Search code examples
google-bigquerystorage

Initiating and reading from multiple streams with the BigQuery Storage API (Beta)


The BigQuery Storage API (https://googleapis.github.io/google-cloud-python/latest/bigquery_storage/gapic/v1beta1/api.html) is incredibly useful for reading data from a BigQuery table almost 10x faster than the standard BigQuery API. To make it even faster, it supports multiple read streams, each which reads a dynamically allocated set of rows from the relevant table.

My problem is this: Although you may request a number of streams, the allocated streams after the request is not within your control.
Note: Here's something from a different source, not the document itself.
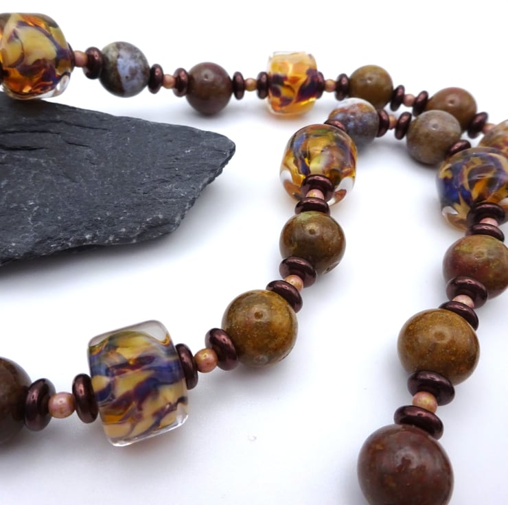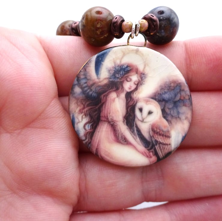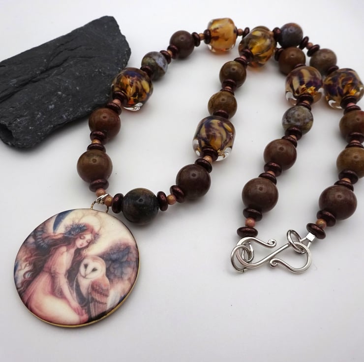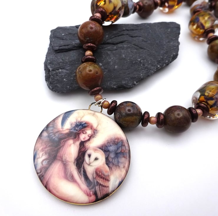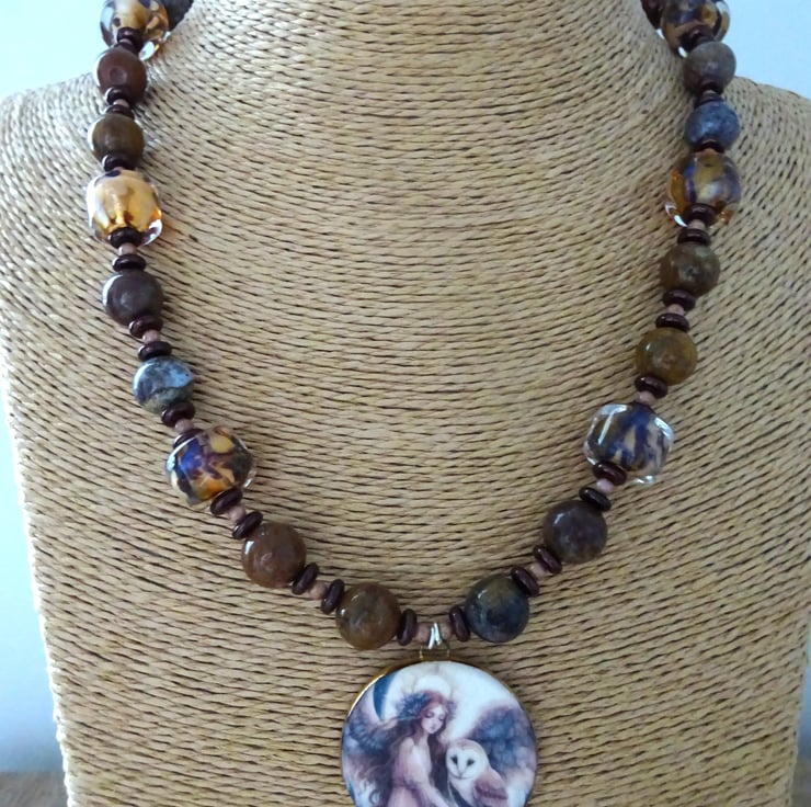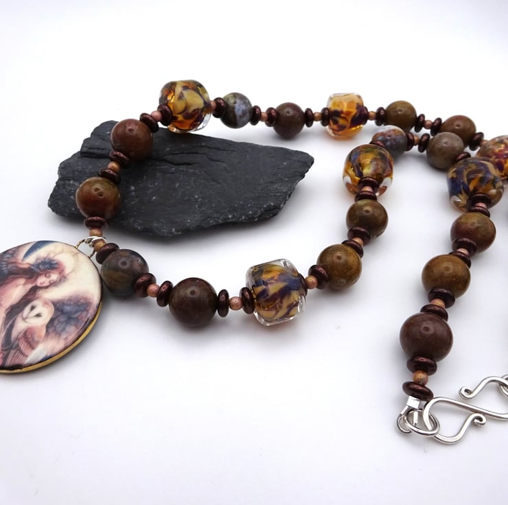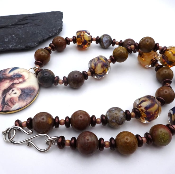 A necklace made with handmade lampwork glass brown speckled beads, Czech glass beads and jasper gemstone beads. The necklace has a handmade ceramic pendant with the image of an angel and an owl.

As such, I have not been able to initiate more than 1 stream.

The data I'm reading consists of 3 columns and 6 million rows as you can see below. I print the total number of streams created to the console.

from google.cloud import bigquery_storage_v1beta1

project_id = 'myproject'
client = bigquery_storage_v1beta1.BigQueryStorageClient()
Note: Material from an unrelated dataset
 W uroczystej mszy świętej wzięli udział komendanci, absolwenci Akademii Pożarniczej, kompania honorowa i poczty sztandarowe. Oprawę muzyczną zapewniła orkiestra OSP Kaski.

table_ref = bigquery_storage_v1beta1.types.TableReference()
table_ref.project_id = "bigquery-public-data"
table_ref.dataset_id = "usa_names"
table_ref.table_id = "usa_1910_current"

read_options = bigquery_storage_v1beta1.types.TableReadOptions()
read_options.selected_fields.append("year")
read_options.selected_fields.append("name")
read_options.selected_fields.append("number")

# I request 3 streams to be created!
requested_streams = 3  

parent = "projects/{}".format(project_id)
session = client.create_read_session(
    table_ref, parent, table_modifiers=modifiers, read_options=read_options, 
    requested_streams=requested_streams
)  

response = client.batch_create_read_session_streams(session, requested_streams)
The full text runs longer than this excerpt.